▸ EXERCISE PROMPT:
Give back the listing in full and exactly, leaving out the images.

▸ INFORMATION SUPPLIED:
· · · · · · ·

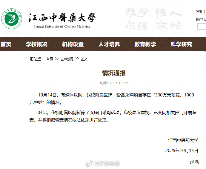 #300万预算1000元中标为何令人担忧#【晚报来论 | 300万元采购医疗设备1000元中标,为何令人担忧】一起“超低价中标”事件引发关注。近日,江西中医药大学附属医院公开招标,预算300万元,采购全自动生化免疫分析流水线设备。最终,江西某医药贸易有限公司中标,中标价仅1000元。10月15日,江西中医药大学针对此事发布情况通报称,已经暂停了该项目采购活动。
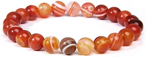 SofiaCreations Handmade Red Banded Agate Crystal Beaded Bracelet, Natural Carnelian Gemstone Crystal 8mm Round Beads Stretchy Bracelet, Healing
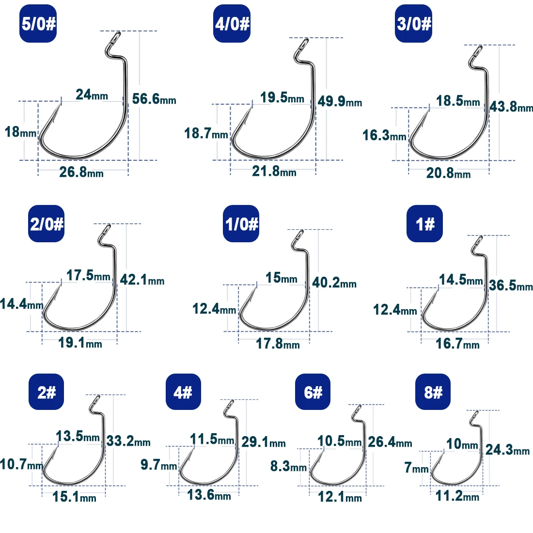 Múltiples tamaños: 10 tamaños diferentes (8 # a 5/0 # ) para adaptarse a sus múltiples aplicaciones de pesca que garantizan el placer de continuar pescando. Servicio posventa: si tiene alguna pregunta, comuníquese con nuestro servicio de atención al cliente, resolveremos su problema dentro de las 24 horas.
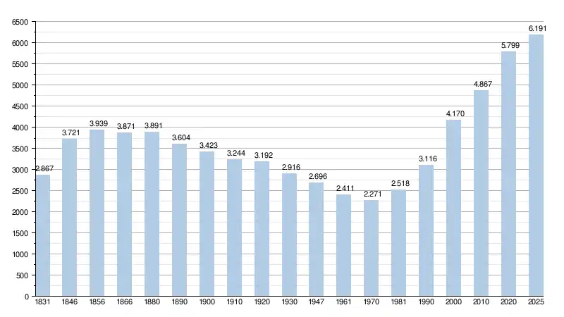 Alle historische gegevens hebben betrekking op de huidige gemeente, inclusief deelgemeenten, zoals ontstaan na de fusie van 1 januari 1977.

· · · · · · ·

▸ RESPONSE BOX:
 #300万预算1000元中标为何令人担忧#【晚报来论 | 300万元采购医疗设备1000元中标,为何令人担忧】一起“超低价中标”事件引发关注。近日,江西中医药大学附属医院公开招标,预算300万元,采购全自动生化免疫分析流水线设备。最终,江西某医药贸易有限公司中标,中标价仅1000元。10月15日,江西中医药大学针对此事发布情况通报称,已经暂停了该项目采购活动。
 SofiaCreations Handmade Red Banded Agate Crystal Beaded Bracelet, Natural Carnelian Gemstone Crystal 8mm Round Beads Stretchy Bracelet, Healing
 Múltiples tamaños: 10 tamaños diferentes (8 # a 5/0 # ) para adaptarse a sus múltiples aplicaciones de pesca que garantizan el placer de continuar pescando. Servicio posventa: si tiene alguna pregunta, comuníquese con nuestro servicio de atención al cliente, resolveremos su problema dentro de las 24 horas.
 Alle historische gegevens hebben betrekking op de huidige gemeente, inclusief deelgemeenten, zoals ontstaan na de fusie van 1 januari 1977.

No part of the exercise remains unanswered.